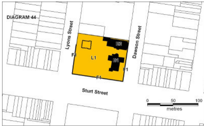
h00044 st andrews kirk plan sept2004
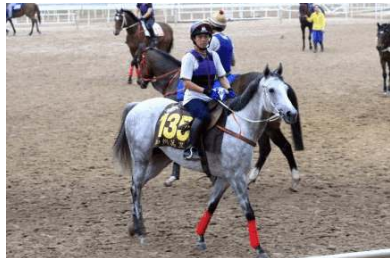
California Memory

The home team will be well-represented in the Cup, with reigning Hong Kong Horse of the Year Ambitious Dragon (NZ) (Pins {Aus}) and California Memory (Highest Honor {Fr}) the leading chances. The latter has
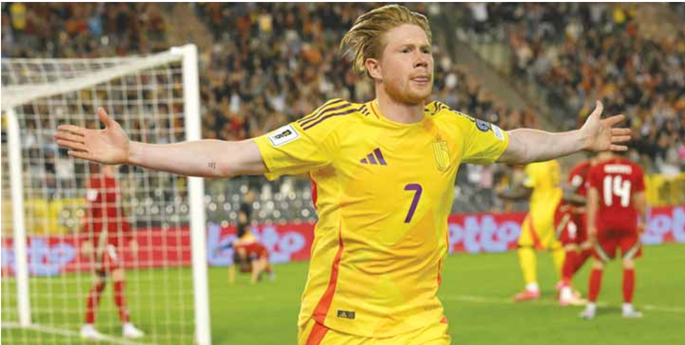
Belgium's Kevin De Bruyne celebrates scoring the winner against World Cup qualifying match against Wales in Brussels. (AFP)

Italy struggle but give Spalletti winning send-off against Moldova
+ + + + +
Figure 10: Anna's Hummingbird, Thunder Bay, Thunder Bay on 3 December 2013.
+ + + + +
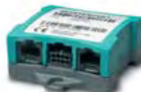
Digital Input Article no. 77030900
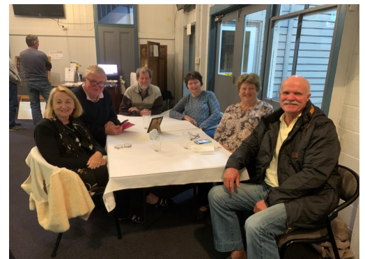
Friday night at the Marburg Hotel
+ + + + +
* [Your task]: Would you please return every line in the listing where "against" shows up?

* [Answer to this problem]:
Belgium's Kevin De Bruyne celebrates scoring the winner against World Cup qualifying match against Wales in Brussels. (AFP)
Italy struggle but give Spalletti winning send-off against Moldova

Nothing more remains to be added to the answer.